MASS (ESI+) m/z; 902.36 (M+Na)+ - The diastereomeric excess was calculated by the analysis <Analytical condition D> using high performance liquid chromatography.
- <Analytical condition D>
High performance liquid chromatography: HPLC LC-20A manufactured by SHIMADZU Corporation
Column: Poroshell 120EC-C18(2.7 μm, 3.0×100mm) manufactured by Agilent
Column oven temperature: 40° C.
Eluent: Acetonitrile : 0.05 vol % phosphoric acid aqueous solution 58:42 (0-27 min), 58:42-95:5 (27-32 min), 95:5 (32-34 min) (v/v)
Eluent rate: 0.9 mL/min
Detection wavelength: 210 nm -
- Fmoc-Phe-Phe-Cys(Trt)-OH (2.00 g, 2.27 mmol) and N-methylmorpholine (0.276 g, 2.72 mmol) were mixed with tetrahydrofuran (8.89 g) and acetonitrile (7.86 g), and homogenized, which was made Solution 1. Isobutyl chloroformate (0.341 g, 2.50 mmol) was dissolved in acetonitrile (7.863 g), which was made Solution 2. O-t-Bu-tyrosine (0.647 g, 2.72 mmol) was mixed with acetonitrile (7.86 g), and after adding N,O-bistrimethylsilylacetamide (1.110 g, 5.45 mmol) thereto, the mixture was stirred at 50° C. for 1 hour and homogenized, and the temperature of the mixture was cooled to room temperature, which was made Solution 3. Solution 1 was fed at 12.4 mL per a minute and Solution 2 was fed at 5.8 mL per a minute, respectively, the solutions were mixed with a mixer and passed through a tube made of a polytetrafluoroethylene resin having an inner diameter of 1 mm and a length of 0.3 m, and Solution 3 was fed to the obtained mixed solution at 6.8 mL per a minute and the solutions were mixed with a mixer and passed through a tube made of a polytetrafluoroethylene resin having an inner diameter of 1 mm and a length of 1.0 m, and the obtained solution was collected in a container to which an aqueous 10% potassium carbonate solution (10 mL) had been added in advance for 90 seconds. The obtained solutions were separated, an aqueous 10% potassium carbonate solution (15 g) was added thereto again and the liquids were separated, and the organic layer was washed with an aqueous 10% sodium chloride solution. The obtained organic layer was concentrated and purified by silica gel chromatography, and after concentrating the collected solution, hexane (40 g) was mixed therewith and the precipitated solid was filtered and dried to obtain Fmoc-Phe-Phe-Cys(Trt)-Tyr(t-Bu)-OH (1.95 g, Yield: 92%, diastereomeric excess: 99.6% de) as a white solid.
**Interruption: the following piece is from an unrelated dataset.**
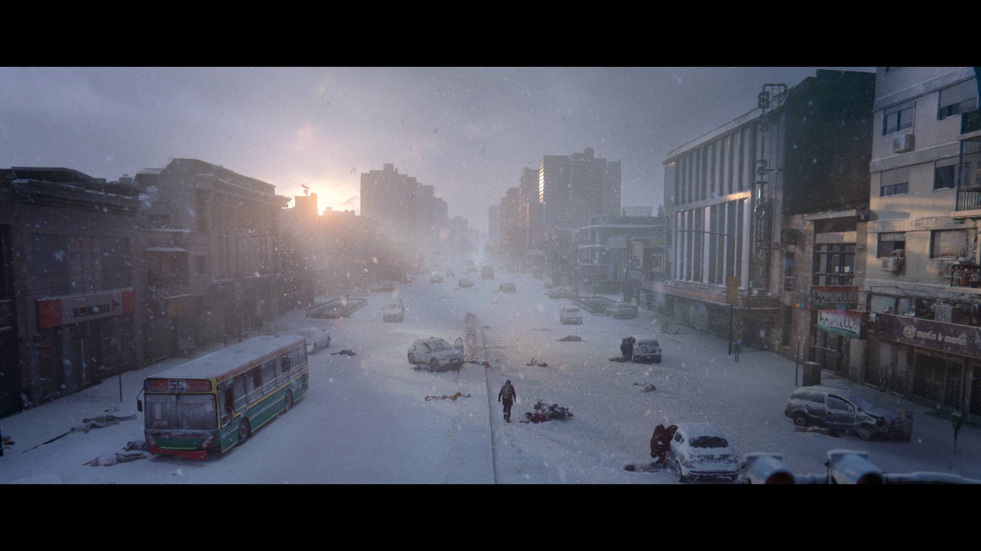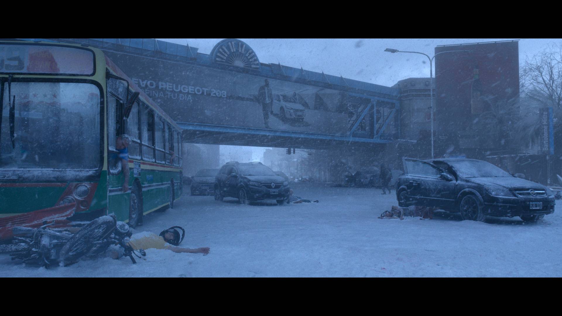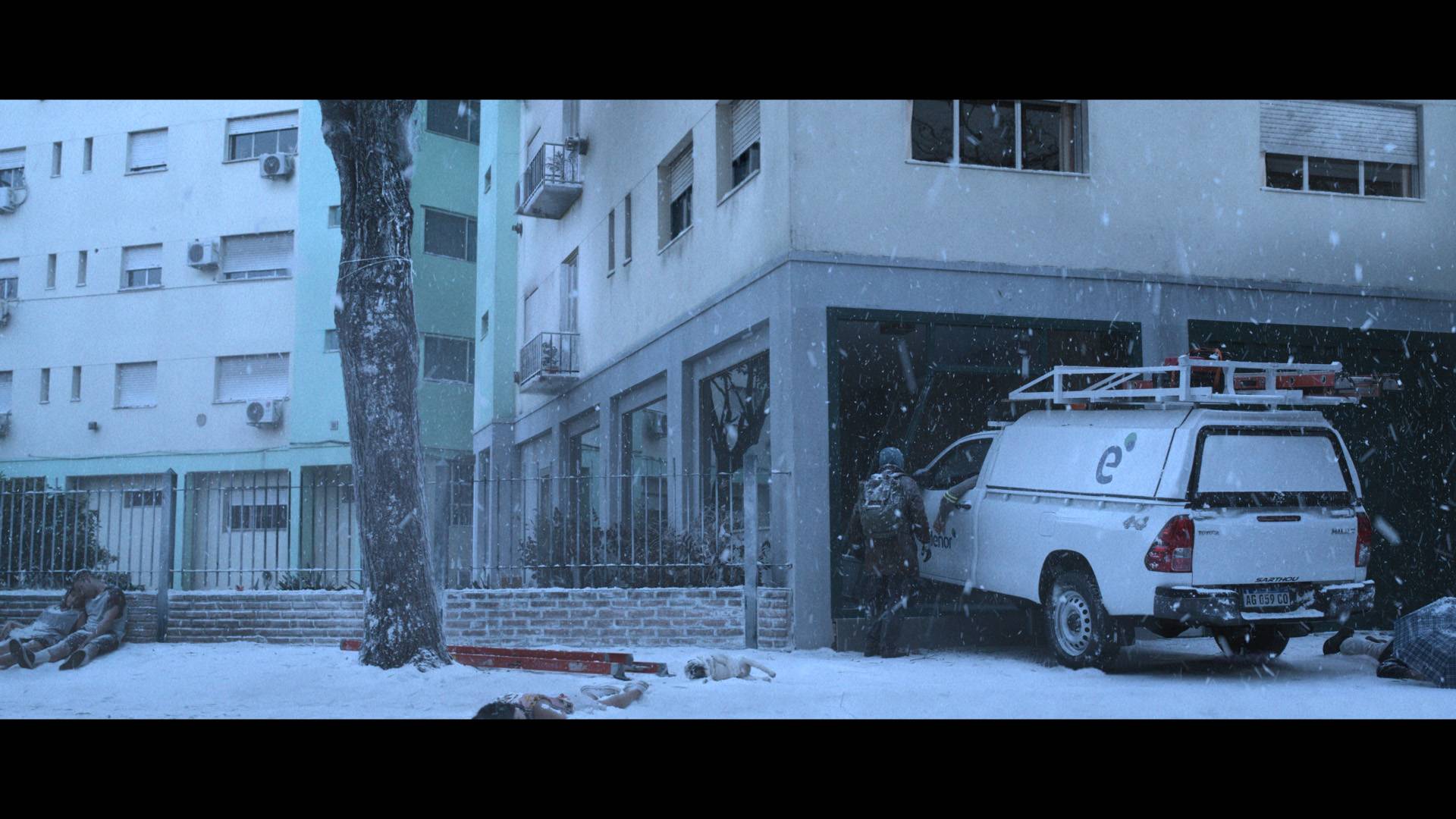 K&S Films and director Bruno Stagnaro contacted us at the genesis of the project to stablish a workflow that allowed us to scan many places of Buenos Aires city with new photogrammetry techniques and cover it with digital snow. This research and development process was crucial for the creation of the show and became the first one in our region that started experimenting at this scale with Unreal Engine and LED volumes to achieve hundreds of in-camera visual effects (ICVFX) shots.

MASS (ESI+) m/z; 1121.64 (M+Na)+ - The diastereomeric excess was calculated by the analysis <Analytical condition E> using high performance liquid chromatography.
- <Analytical condition E>
High performance liquid chromatography: HPLC LC-20A manufactured by SHIMADZU Corporation
Column: Poroshell 120EC-C18 (2.7 μm, 3.0×100 mm) manufactured by Agilent
Column oven temperature: 40° C.
Eluent: Acetonitrile : 0.05 vol % phosphoric acid aqueous solution 70:430 (0 to 27 min), 70:30 to 95:5 (27 to 32 min), 95:5 (32 to 34 min) (v/v)
Eluent rate: 0.9 mL/min
Detection wavelength: 210 nm -
- Fmoc-Phe-OH (2.00 g, 5.16 mmol) and N-methylmorpholine (0.627 g, 6.19 mmol) were mixed with tetrahydrofuran (8.89 g) and acetonitrile (7.86 g), and homogenized, which was made Solution 1. Isobutyl chloroformate (0.776 g, 5.68 mmol) was dissolved in acetonitrile (7.863 g), which was made Solution 2. D-phenylglycine (0.936 g, 6.19 mmol) was mixed with acetonitrile (7.86 g), and after adding N,O-bistrimethylsilylacetamide (3.255 g, 12.4 mmol) thereto, the mixture was stirred at 50° C. for 1 hour and homogenized, and the temperature of the mixture was cooled to room temperature, which was made Solution 3. Solution 1 was fed at 11.5 mL per a minute and Solution 2 was fed at 5.6 mL per a minute, respectively, the solutions were mixed with a mixer and passed through a tube made of a polytetrafluoro-ethylene resin having an inner diameter of 1 mm and a length of 0.3 m, and Solution 3 was fed to the obtained mixed solution at 7.8 mL per a minute and the solutions were mixed with a mixer and passed through a tube made of a polytetrafluoroethylene resin having an inner diameter of 1 mm and a length of 1.0 m, and the obtained solution was collected for 105 seconds in a container to which water (2 mL) had been added in advance. With the obtained solution was mixed acetonitrile (80 g), and the precipitated solid was filtered and dried to obtain Fmoc-Phe-D-Phg-OH (1.50 g, Yield: 62%) as a white solid.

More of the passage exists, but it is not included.